*Task requirements:* Instruction for the entries that follow: retype exactly the lines from the line with "Falda de polipiel, de" to the line with "StrongPower PowerUp tiroir, 1x230V, Schuko, USB", both included, and omit all others.

*Supplied information:*
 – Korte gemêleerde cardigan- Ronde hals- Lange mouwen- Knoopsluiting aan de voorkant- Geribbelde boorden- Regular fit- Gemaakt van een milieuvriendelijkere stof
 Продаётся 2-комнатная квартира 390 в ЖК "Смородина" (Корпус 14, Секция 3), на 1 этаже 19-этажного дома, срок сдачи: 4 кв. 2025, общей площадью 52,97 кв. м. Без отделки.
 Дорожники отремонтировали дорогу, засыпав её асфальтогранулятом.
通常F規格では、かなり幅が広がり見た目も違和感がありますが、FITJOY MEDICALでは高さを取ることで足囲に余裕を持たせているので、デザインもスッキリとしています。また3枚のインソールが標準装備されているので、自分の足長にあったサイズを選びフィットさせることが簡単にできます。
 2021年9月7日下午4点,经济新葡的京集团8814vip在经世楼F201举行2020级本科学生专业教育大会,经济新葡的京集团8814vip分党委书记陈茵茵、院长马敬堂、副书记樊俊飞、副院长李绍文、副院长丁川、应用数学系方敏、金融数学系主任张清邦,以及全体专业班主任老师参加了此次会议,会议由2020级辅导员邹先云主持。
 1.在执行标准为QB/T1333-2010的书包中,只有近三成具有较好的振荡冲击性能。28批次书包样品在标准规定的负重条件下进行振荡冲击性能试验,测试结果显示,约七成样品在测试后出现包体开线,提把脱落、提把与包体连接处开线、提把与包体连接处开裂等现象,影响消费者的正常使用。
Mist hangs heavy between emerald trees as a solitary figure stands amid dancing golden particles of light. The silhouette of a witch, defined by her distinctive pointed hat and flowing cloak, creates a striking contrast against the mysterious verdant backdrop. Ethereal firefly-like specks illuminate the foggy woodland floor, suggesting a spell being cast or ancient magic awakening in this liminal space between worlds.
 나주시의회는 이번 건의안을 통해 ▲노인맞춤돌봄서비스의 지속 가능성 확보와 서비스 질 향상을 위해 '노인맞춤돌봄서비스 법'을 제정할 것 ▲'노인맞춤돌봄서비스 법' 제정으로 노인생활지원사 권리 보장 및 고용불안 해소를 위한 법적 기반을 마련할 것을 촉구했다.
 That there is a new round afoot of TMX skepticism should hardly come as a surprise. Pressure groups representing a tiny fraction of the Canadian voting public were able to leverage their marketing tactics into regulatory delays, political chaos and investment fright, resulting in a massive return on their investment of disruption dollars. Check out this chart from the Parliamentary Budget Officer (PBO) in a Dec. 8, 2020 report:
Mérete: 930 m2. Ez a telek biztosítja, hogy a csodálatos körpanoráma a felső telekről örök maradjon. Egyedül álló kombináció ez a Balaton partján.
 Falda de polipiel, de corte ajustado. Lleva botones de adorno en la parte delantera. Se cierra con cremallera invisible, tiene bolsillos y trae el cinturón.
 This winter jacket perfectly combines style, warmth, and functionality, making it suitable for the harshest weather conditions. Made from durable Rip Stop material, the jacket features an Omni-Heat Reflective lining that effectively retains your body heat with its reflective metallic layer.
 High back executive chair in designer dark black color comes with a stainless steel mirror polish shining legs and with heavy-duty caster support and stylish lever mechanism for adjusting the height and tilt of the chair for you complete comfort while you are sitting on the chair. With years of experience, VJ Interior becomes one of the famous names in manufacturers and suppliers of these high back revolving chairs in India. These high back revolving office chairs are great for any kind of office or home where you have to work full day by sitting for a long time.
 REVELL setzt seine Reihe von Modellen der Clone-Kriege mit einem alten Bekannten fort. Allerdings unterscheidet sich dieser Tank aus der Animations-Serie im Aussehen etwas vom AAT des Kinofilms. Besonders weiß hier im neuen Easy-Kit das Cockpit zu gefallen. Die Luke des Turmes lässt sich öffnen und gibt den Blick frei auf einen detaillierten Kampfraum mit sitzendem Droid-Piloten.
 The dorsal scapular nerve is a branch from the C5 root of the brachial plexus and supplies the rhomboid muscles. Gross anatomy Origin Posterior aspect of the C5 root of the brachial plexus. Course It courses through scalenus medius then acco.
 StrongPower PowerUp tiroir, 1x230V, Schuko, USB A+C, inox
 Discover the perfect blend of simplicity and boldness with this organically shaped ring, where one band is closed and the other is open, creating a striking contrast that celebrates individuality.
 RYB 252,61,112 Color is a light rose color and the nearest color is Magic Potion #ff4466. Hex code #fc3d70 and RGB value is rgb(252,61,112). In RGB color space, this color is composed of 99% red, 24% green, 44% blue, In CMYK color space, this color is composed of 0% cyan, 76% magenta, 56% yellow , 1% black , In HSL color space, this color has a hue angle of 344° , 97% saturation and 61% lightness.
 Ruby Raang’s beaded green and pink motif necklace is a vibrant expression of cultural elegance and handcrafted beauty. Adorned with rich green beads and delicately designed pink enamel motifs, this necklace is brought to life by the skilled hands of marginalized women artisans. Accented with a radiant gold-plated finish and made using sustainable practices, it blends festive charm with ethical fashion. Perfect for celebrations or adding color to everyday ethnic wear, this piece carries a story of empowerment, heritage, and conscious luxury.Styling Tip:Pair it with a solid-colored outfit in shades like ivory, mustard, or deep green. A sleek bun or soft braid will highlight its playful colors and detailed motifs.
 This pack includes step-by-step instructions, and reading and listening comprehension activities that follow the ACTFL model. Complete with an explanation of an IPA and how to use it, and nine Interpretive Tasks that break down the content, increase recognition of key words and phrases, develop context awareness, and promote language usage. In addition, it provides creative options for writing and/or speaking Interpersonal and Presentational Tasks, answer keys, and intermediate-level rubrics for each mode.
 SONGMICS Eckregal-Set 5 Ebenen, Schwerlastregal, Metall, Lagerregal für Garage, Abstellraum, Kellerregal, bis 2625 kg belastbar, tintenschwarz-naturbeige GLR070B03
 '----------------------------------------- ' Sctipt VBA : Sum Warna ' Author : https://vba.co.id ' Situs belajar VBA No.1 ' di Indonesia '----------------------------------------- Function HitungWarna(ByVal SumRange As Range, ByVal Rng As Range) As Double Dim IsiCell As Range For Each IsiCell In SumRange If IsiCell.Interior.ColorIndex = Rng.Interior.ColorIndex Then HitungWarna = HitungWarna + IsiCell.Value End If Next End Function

*Output below:*
 Falda de polipiel, de corte ajustado. Lleva botones de adorno en la parte delantera. Se cierra con cremallera invisible, tiene bolsillos y trae el cinturón.
 This winter jacket perfectly combines style, warmth, and functionality, making it suitable for the harshest weather conditions. Made from durable Rip Stop material, the jacket features an Omni-Heat Reflective lining that effectively retains your body heat with its reflective metallic layer.
 High back executive chair in designer dark black color comes with a stainless steel mirror polish shining legs and with heavy-duty caster support and stylish lever mechanism for adjusting the height and tilt of the chair for you complete comfort while you are sitting on the chair. With years of experience, VJ Interior becomes one of the famous names in manufacturers and suppliers of these high back revolving chairs in India. These high back revolving office chairs are great for any kind of office or home where you have to work full day by sitting for a long time.
 REVELL setzt seine Reihe von Modellen der Clone-Kriege mit einem alten Bekannten fort. Allerdings unterscheidet sich dieser Tank aus der Animations-Serie im Aussehen etwas vom AAT des Kinofilms. Besonders weiß hier im neuen Easy-Kit das Cockpit zu gefallen. Die Luke des Turmes lässt sich öffnen und gibt den Blick frei auf einen detaillierten Kampfraum mit sitzendem Droid-Piloten.
 The dorsal scapular nerve is a branch from the C5 root of the brachial plexus and supplies the rhomboid muscles. Gross anatomy Origin Posterior aspect of the C5 root of the brachial plexus. Course It courses through scalenus medius then acco.
 StrongPower PowerUp tiroir, 1x230V, Schuko, USB A+C, inox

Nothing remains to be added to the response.